In January this year, I was back up to where I started at 95kg (15st) and Something Had To Be Done. So I upped my exercise and cut my calories to a net intake of 1500/day and by June was down to 79kg (12.5st). That's still fat (I'm 168cm/5'6, albeit with short legs and a long torso, but still, fat). I think the best way to avoid putting it back on, apart from not slipping into bad habits - which won't happen given the unwanted change in circumstances I had this year - is to increase the amount of muscle I'm carrying. I'm not aiming to look like a bodybuilder, just don't want to be skinny and weak. So I've added resistance training and modified my diet a little.
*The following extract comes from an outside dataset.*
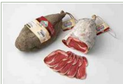
Cured and saused pork shoulder natural and peppered

Weight unit: 0,7 Kg. Units per box: 7 Units Shelf life: 184 Days. EAN 13: 8424924005620

I have absolutely zero experience of resistance training, so I've taken on a PT for 3 months. Partly to show me the ropes, partly for motivation. At the moment we are into the third week of doing two sessions a week of weights (quite like), one session a week of core and boxing (enjoy), one session of core and HIIT (kill me now). I'm still aiming for 1500 cals/day net of exercise but I've further increased my protein consumption to around 2g/kg/day.

It seems to be doing something. I'm tracking my weight and body composition with a set of Withings scales (I know the limitations of the technology, but it should give an indication of what's going on) and being a geek and an ex-biologist I like numbers. I've plugged the data into Excel, done a little maths, and the numbers are quite interesting.

From January to June, I lost on average 700g of weight a week. Which would imply an effective daily calorific deficit of ~770 cals. That wasn't entirely even - my wife died in February, and I barely ate for a week or two, and then didn't give a st what I ate for a week or two, but overall I think it probably evens out. I could never figure out how to get the bf% working on my old scales, so I don't have data for that period.

For the period since I started the training, I've got some noticeable trends in daily measurements. There's noise, but that's easy to deal with statistically. I'm really interested in what happens to them over the coming months, but what we are doing appears to be working. Fitting trendlines by regression and using the regression coefficients to calculate smoothed weekly changes in total, fat and lean masses, my overall rate of weight loss has reduced from c.700g/week to c.420g/week. The body composition data, however, suggests that I am still losing about 700g/week of fat but gaining about 280g/week of lean mass. The actual changes calculated from starting and ending figures alone are greater than that, but individual data points are too volatile to be relied upon. It's early days, I don't have much data yet and I can't be sure how my body is going to react going forward, but if that trend continues I should be at about 16% body fat and 73kg by the end of the three months, having lost 9.3kg of fat and gained 3.5kg of muscle. I'd be pretty happy if it worked out like that, to be honest.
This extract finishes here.